*Problem:* Repeat exactly the line with "ローシルクを表に、肌側を綿糸" and each line after it to the end of the data below; pictures stay out.
═══ Recorded information ═══
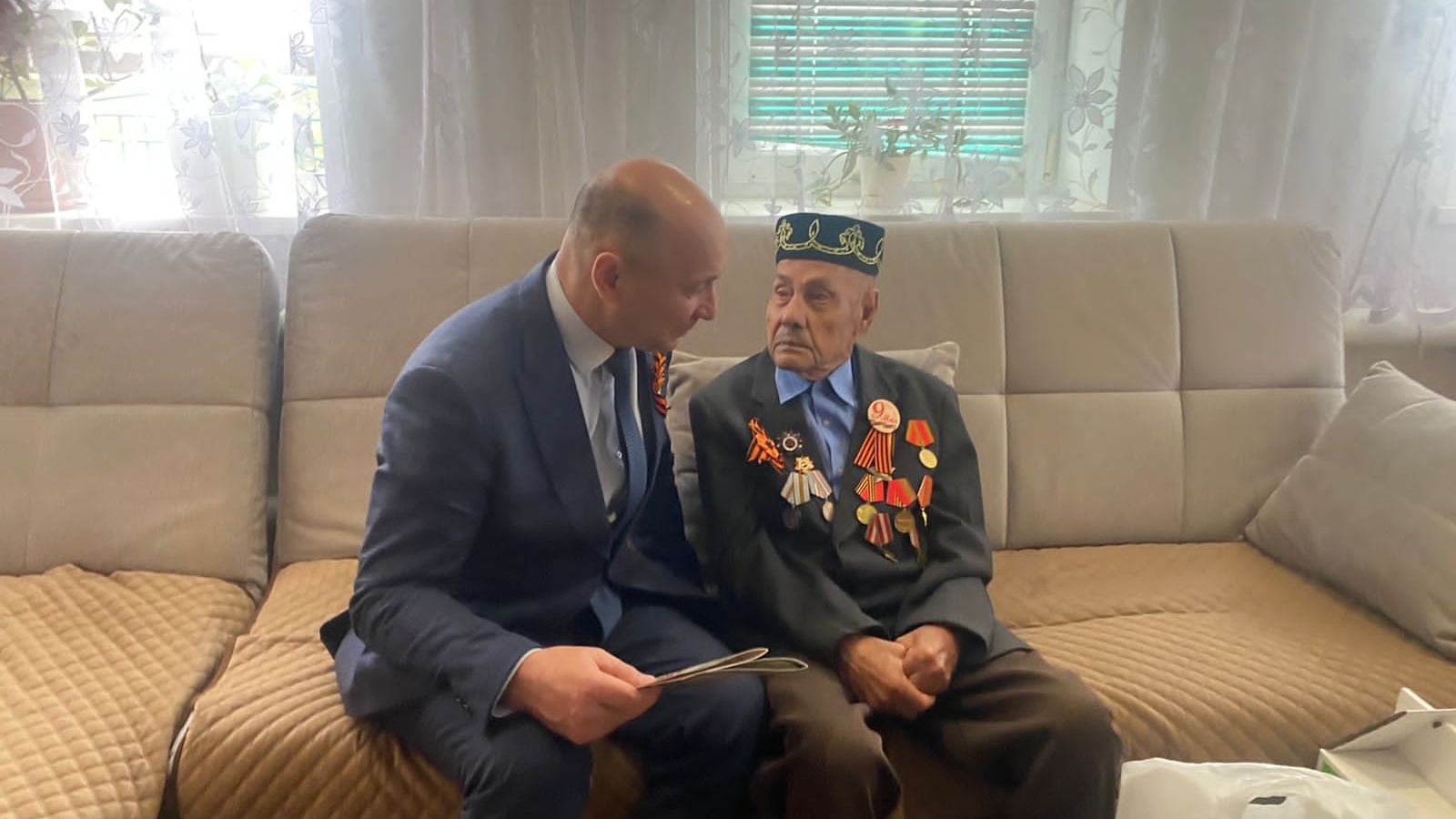 Шуларның берсе,Нуриев Рафкат Тахаветдинович . Фаил Мисбах улы ветеран белән әңгәмә корды, хәлләрен белеште, якынлашып килүче бәйрәм - Бөек Җиңүнең 77 еллыгы белән котлады, бүләкләр тапшырды.
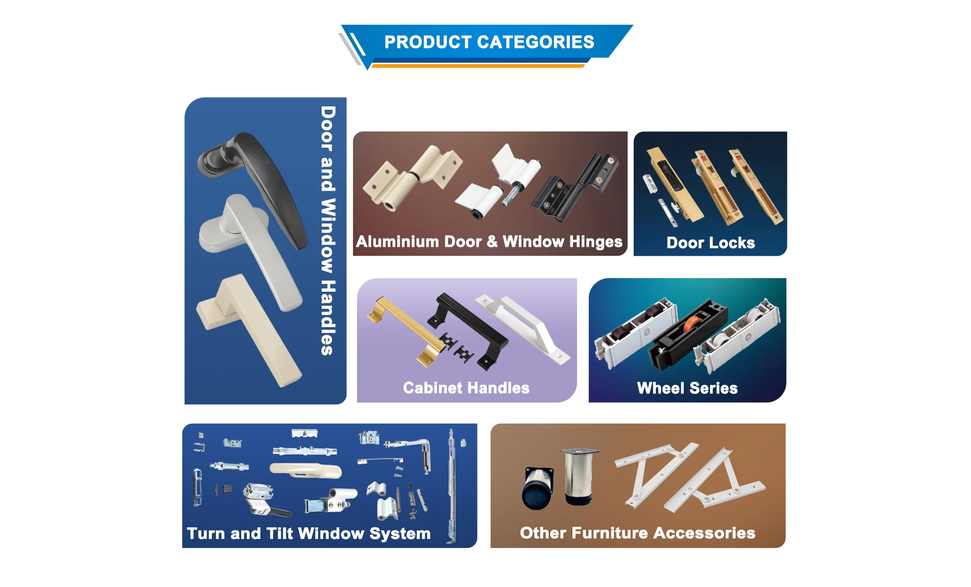 Productos principales:Manija de puerta y ventana de aluminio, Bisagra de puerta y ventana de aluminio, Cerraduras de puerta y ventana, Accesorios de aluminio, Sistema de puerta y ventana de aluminio
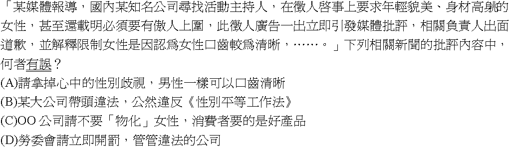 「性別歧視」為因為性別偏見而做出對此性別差別對待的具體行為,進而導致對特定性別造成不利的後果,如題幹中提及的徵人啟事,若沒有限制性別,但應徵的男性薪資卻因口條問題而比女性薪資低時,則為性別歧視。
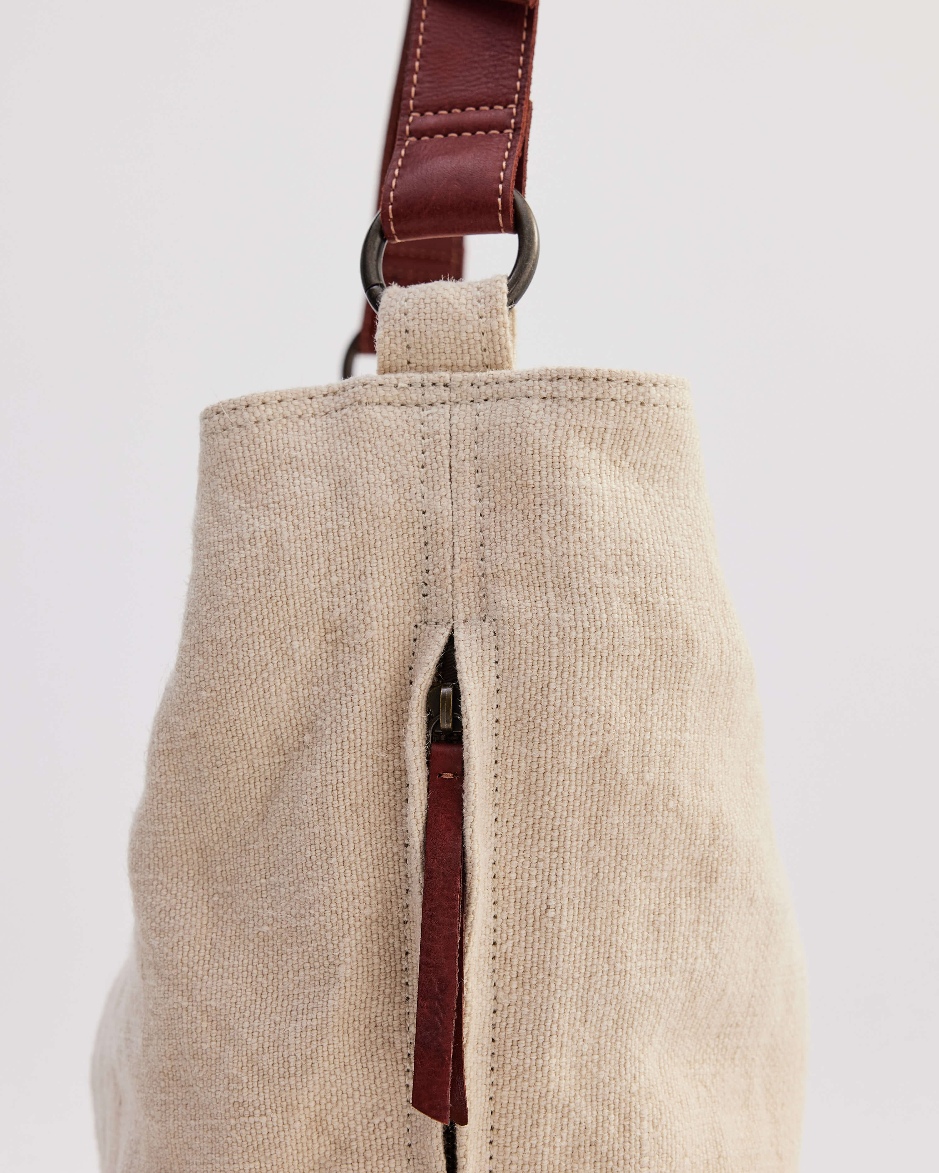The Baby Jute is a crossbody bag made from jute. This effortlessly cool bag pairs organic construction with a casual, slouchy profile.
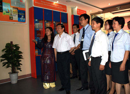 Giám đốc Nhà xuất bản TT&TT đang giới thiệu với Bộ trưởng về logo mới của Nhà xuất bản |
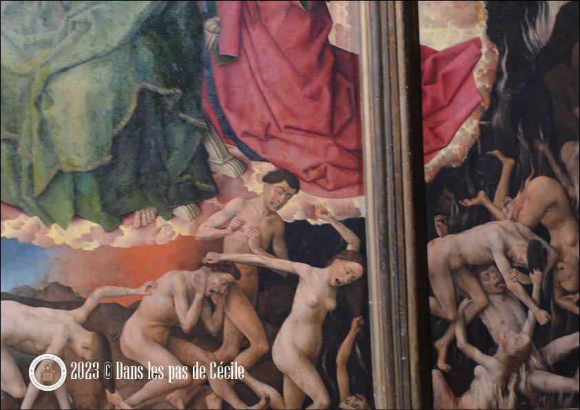 Nicolas Rolin est aussi un grand mécène (peut-être qu’en lisant son nom vous avez pensé au tableau présenté au Louvre dans l’aile des écoles flamandes La Vierge au chancelier Rolin 😉) le domaine va accueillir un certain nombre d’œuvres d’art, l’un des incontournables étant le polyptyque du Jugement Dernier par Rogier Van der Weyden, mesurant pas moins de 5,50 mètres !
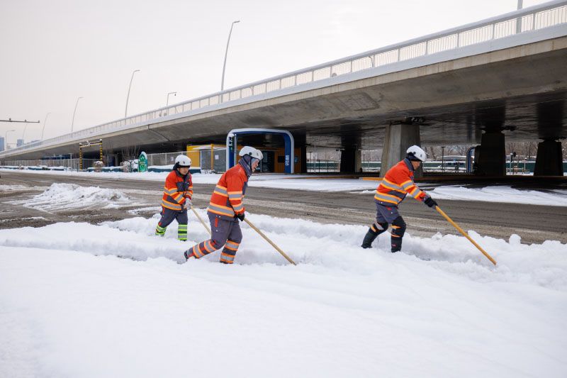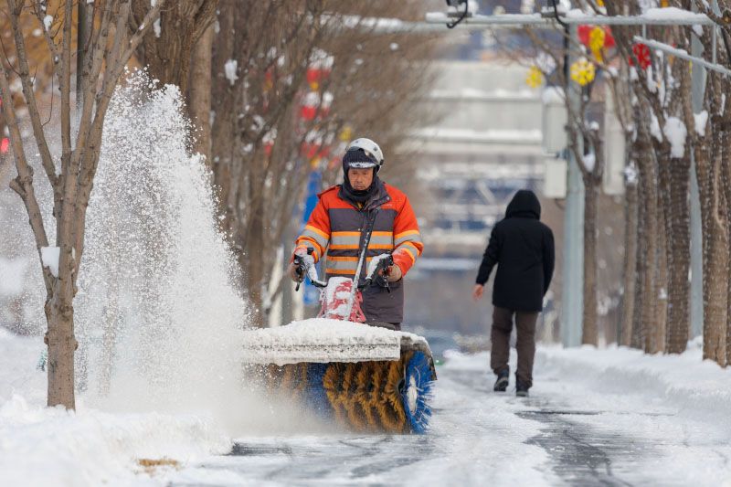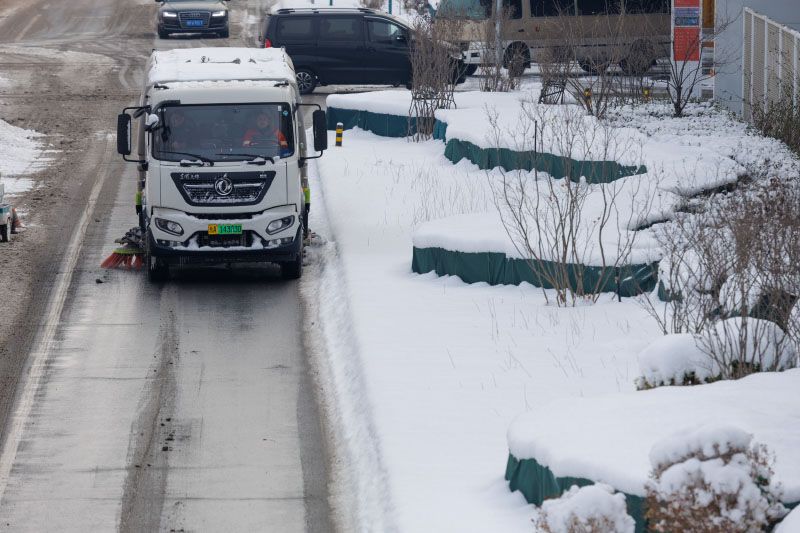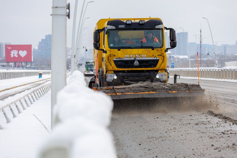 工作人员清扫道路积雪。扫雪铲冰严格按照融雪剂施撒要求,在城市主次干道交通路口、桥区、匝道、坡道、弯道等重点区域预撒布融雪剂,防止道路结冰,保障交通顺畅。
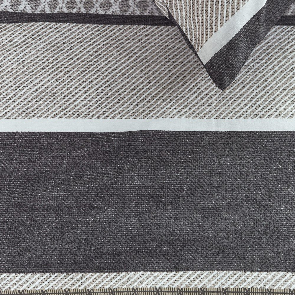 - Striped duvet cover set with geometric prints in shades of grey, charcoal grey and taupe
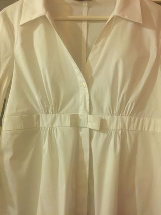 Camisa blanca con frunces en cintura y lazada de Amitié.Botones camuflados en tapeta,cuello en pico y manga francesa. Nueva sin uso.Talla 42
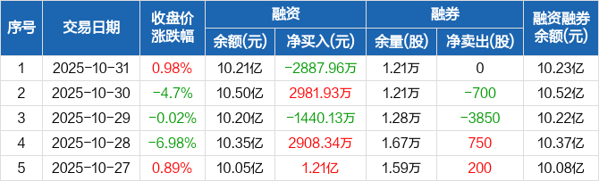 乐鑫科技:融资净偿还2887.96万元,融资余额10.21亿元(10-31)
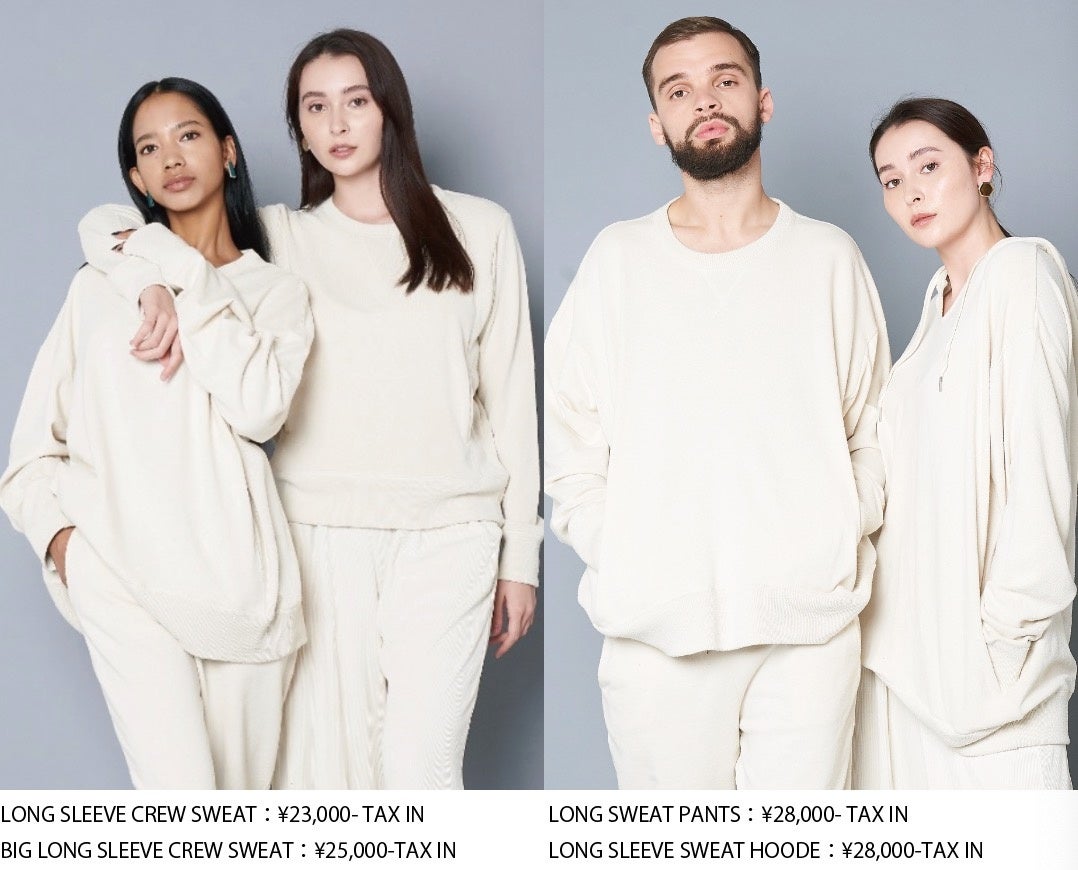 ローシルクを表に、肌側を綿糸にしたスウェット素材。ユニセックスを主体にしたアイテムのラインナップ
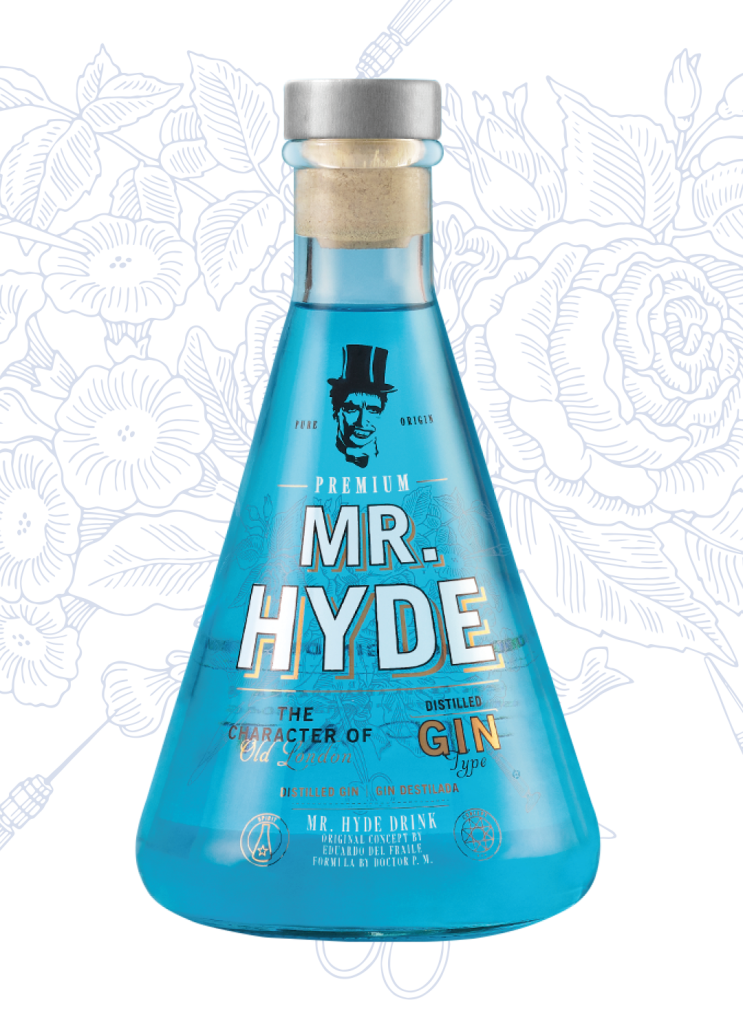 5 cl de Ginebra Mr. Hyde con hielo de roca y tónica clásica originan un Gin & Tonic de suave color azul cuando está en la proporcíon perfecta. Capacitado para otros cócteles.
═══
*Written answer:*
 ローシルクを表に、肌側を綿糸にしたスウェット素材。ユニセックスを主体にしたアイテムのラインナップ
 5 cl de Ginebra Mr. Hyde con hielo de roca y tónica clásica originan un Gin & Tonic de suave color azul cuando está en la proporcíon perfecta. Capacitado para otros cócteles.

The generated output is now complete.